=== Recorded data ===

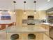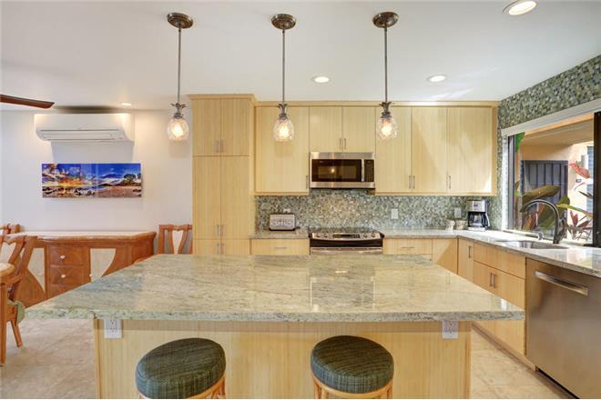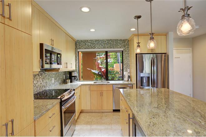 Renovated gourmet kitchen with island, bamboo cabinetry, and high-end appliances
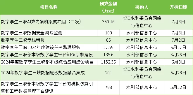 从招标信息来看,涉及项目包括AI算力集群采购、数据安全风险监测、专线租赁、监理服务、数字孪生平台知识引擎建设等多个方面,预算金额累计超过数千万元。这些项目的实施,将为数字孪生三峡的全面建设提供有力支撑。接下来可能还会继续有新的项目发布,值得关注!
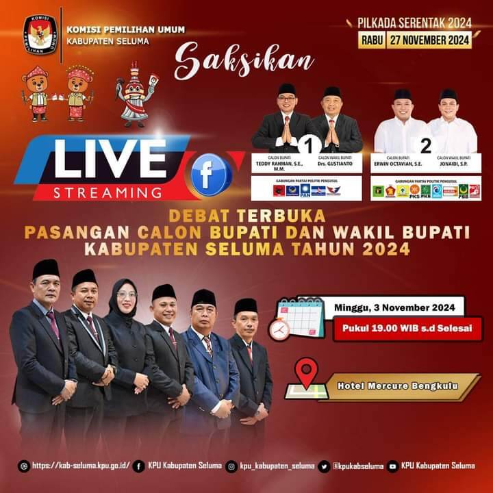 Seluma, mediabengkulu.co – Komisi Pemilihan Umum Kabupaten Seluma akan menggelar debat terbuka antara kandidat pasangan calon Bupati dan Wakil Bupati Seluma, yang dilaksanakan di Hotel Mercure Kota Bengkulu, pada tanggal 3 November 2024.
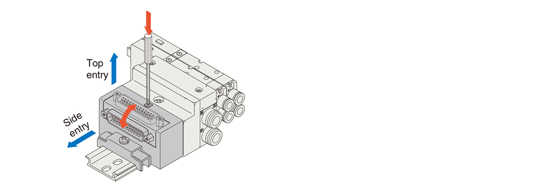 The connector entry direction can be changed from the top to the side by simply pressing the manual release button.

===

- _Exercise aim_
The answer must be the lines above, word for word, from the first one through the line with "从招标信息来看,涉及项目包括", pictures excluded.

- _Response_
 Renovated gourmet kitchen with island, bamboo cabinetry, and high-end appliances
 从招标信息来看,涉及项目包括AI算力集群采购、数据安全风险监测、专线租赁、监理服务、数字孪生平台知识引擎建设等多个方面,预算金额累计超过数千万元。这些项目的实施,将为数字孪生三峡的全面建设提供有力支撑。接下来可能还会继续有新的项目发布,值得关注!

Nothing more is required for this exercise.